RnaQuin mixture (isoform level)

Description

Individual sequins are combined across a range of precise concentrations to formulate mixtures. By modulating the concentration at which each sequin is present in the mixture, we can emulate quantitative features of genome biology.

This is the mixture A and B in RnaQuin. File name is A.R.5.csv on http://www.sequins.xyz.

Usage

data(RnaQuinIsoformMixture)

Format

Data frame:

  • Name: Sequin name

  • Length: Sequin length

  • MixA: Input concentration for mixture A

  • MixB: Input concentration for mixture B

Value

Data frame with columns defined in Format.


Section 5.4.5.1 Assembly Dataset

Description

Assembly sensitivity estimated by Cuffcompare. Section 5.4.5.1 of the Anaquin user guide has details on the data set.

Usage

data(UserGuideData_5.4.5.1)

Format

Data frame:

  • InputConcent: Input concentration in attomol/ul

  • Sn: Measured sensitivity

Value

Data frame with columns defined in Format.

Source

S.A Hardwick. Spliced synthetic genes as internal controls in RNA sequencing experiments. Nature Methods, 2016.


Gene expression (RnaQuin)

Description

Gene expression estimated by Cufflinks.

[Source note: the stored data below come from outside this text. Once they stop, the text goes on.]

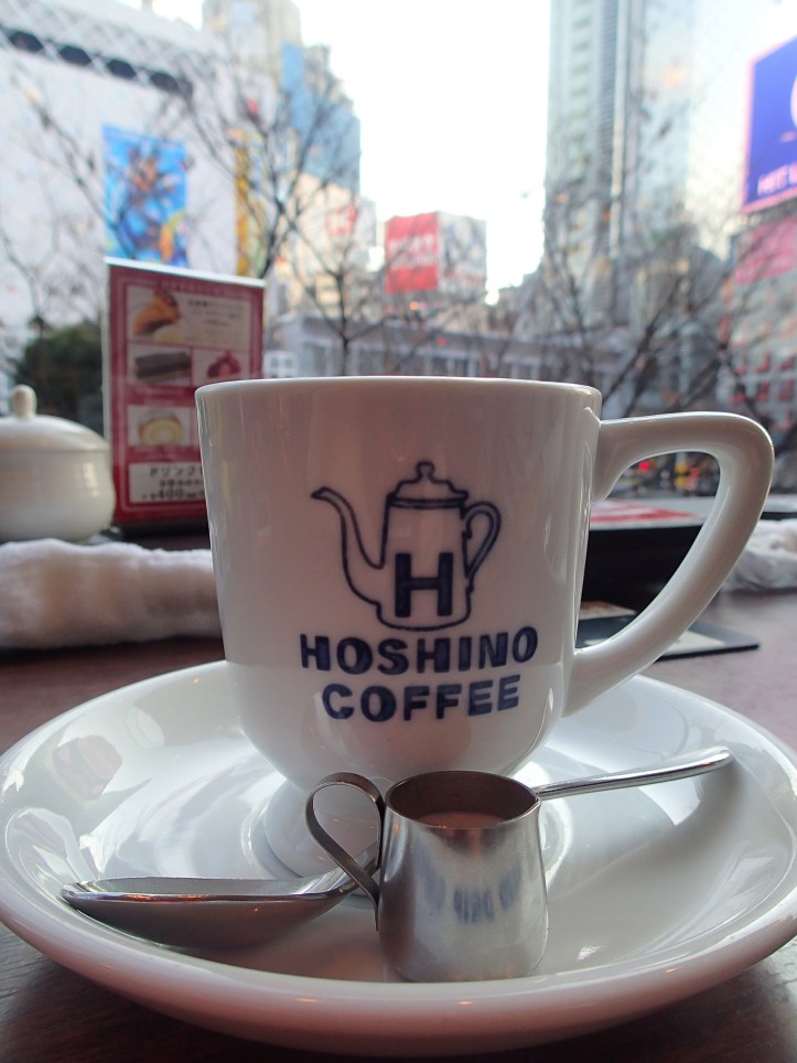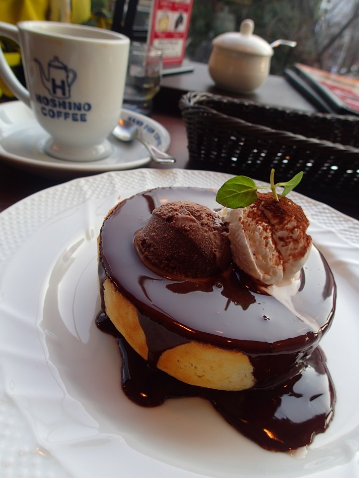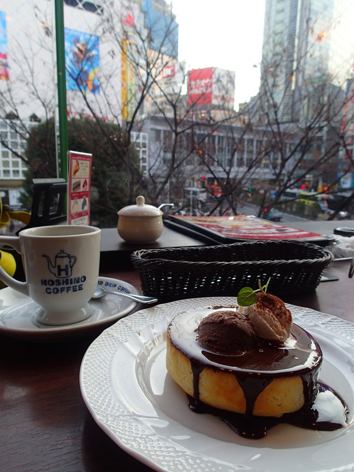 Hoshino Coffee is located in prime viewing of the Shibuya scramble crossing and we managed to snag a window seat. We ordered drip filter coffee and I ordered a souffle pancake with chocolate sauce.
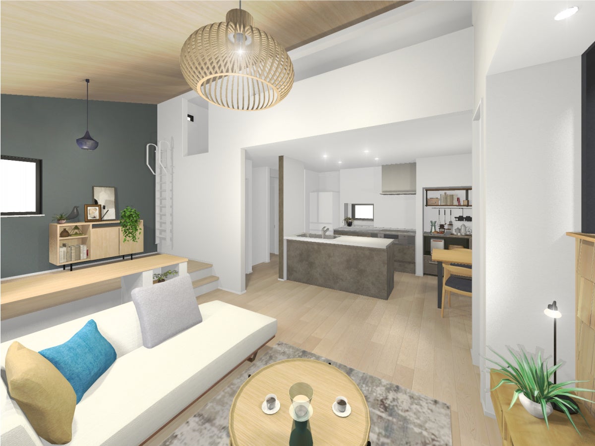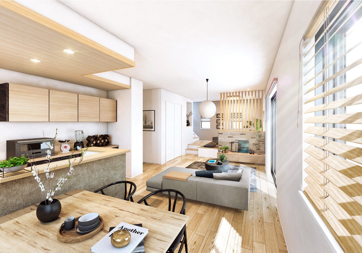 リビングの天井高を2.7M、サッシの内法高さを2.2Mに設定。陽光を採り込み、開放感のある空間を創出します。また、便利なホームフリーザーをはじめ、玄関ドアのシステムキーやスマホで簡単に給湯器の操作ができる快適なアイテムを採用しました。暮らしやすさを追求した快適な住まいを創出します。
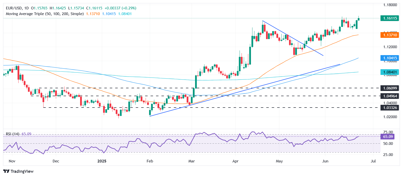欧元/美元连续第四天上涨,涨幅为0.39%,尽管交易价格低于年内高点1.1641,受益于美元疲软,因中东冲突的缓和。
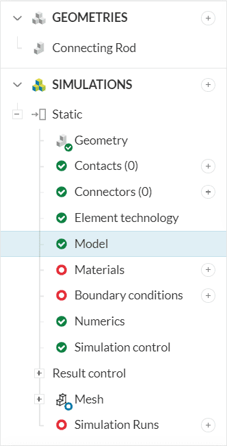 A new Simulation tree will automatically be generated on the left side of your Workbench, containing all parameters and settings required to start the simulation.
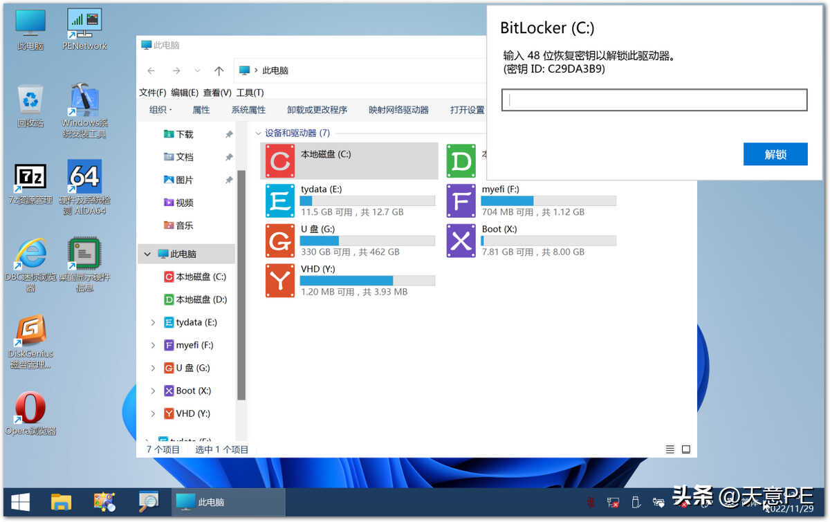 BitLocker加密保护了数据的安全。但是也带来了一个小问题,就是当我们用WinPE维护电脑的时候稍有不方便。每次打开磁盘都需要输入恢复密钥,一大堆数字,稍不注意输错了还得重新再来。
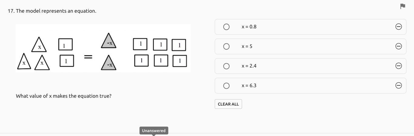 The equation in simple terms is 3x+2=-2x+6. This is because there are 3 triangles with x in them and 2 squares with 1 in them on the left side, and 2 triangles with -x on the right side with 6 1's. If you don't know how to solve this I'd be happy to go in full depth: subtract 2 from 6, subtract -2x from 3x this will give you 5x=4 and then you divide 5 from for giving you 4/5 or 0.8.
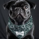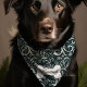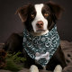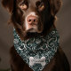 Dress your dog in holiday cheer with this elegant green winter holiday snowflake swirl bandana. Featuring a stunning pattern of white snowflakes and swirls against a rich green background, this bandana adds a touch of festive spirit to your pet's wardrobe. Pets name is beautifully displayed on a bone-shaped accent, making it perfect for any winter celebration. This bandana combines style and comfort, making it ideal for holiday parties, winter walks, and photoshoots. Let your dog shine in this chic and seasonal accessory.
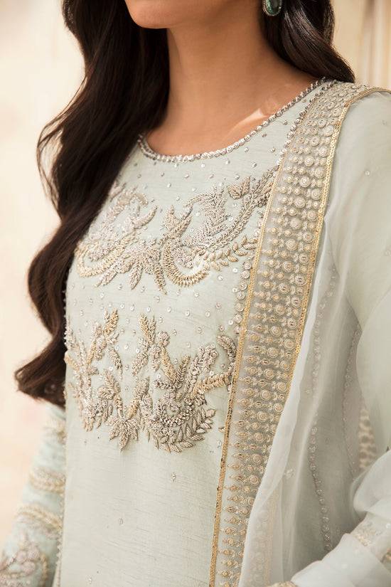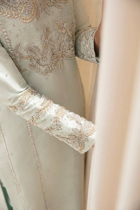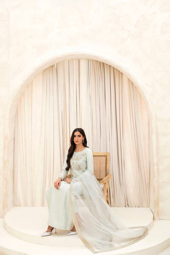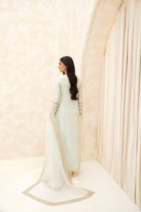 This outstanding pastel green paneled silk shirt is meticulously embellished with exquisite silver handwork on the front, back, and sleeves. The shirt panels have seamless tilla embroidery, creating a masterpiece that exudes timeless beauty. It is paired with sleek cigarette pants and organza dupatta with four-sided embroidered borders, creating a beautiful finish.

Section 5.4.6.3 of the Anaquin user guide has details on the data set.

Usage

data(UserGuideData_5.4.6.3)

Format

Data frame:

  • InputConcent: Input concentration in attomol/ul

  • Observed1: Measured FPKM for the first replicate

  • Observed2: Measured FPKM for the second replicate

  • Observed3: Measured FPKM for the third replicate

Value

Data frame with columns defined in Format.

Source

S.A Hardwick. Spliced synthetic genes as internal controls in RNA sequencing experiments. Nature Methods, 2016.


Differential expression (RnaQuin)

Description

Differential gene expression estimated by DESeq2. Section 5.6.3 has details on the data set.

Usage

data(UserGuideData_5.6.3)

Format

Data frame:

  • ExpLFC: Expected log-fold change

  • ObsLFC: Observed log-fold change

  • SD: Standard deviation of the measurment

  • Pval: P-value probability

  • Qval: Q-value probability

  • Mean: Average counts across the samples

  • Label: Average counts across the samples

Value

Data frame with columns defined in Format.

Source

S.A Hardwick. Spliced synthetic genes as internal controls in RNA sequencing experiments. Nature Methods, 2016.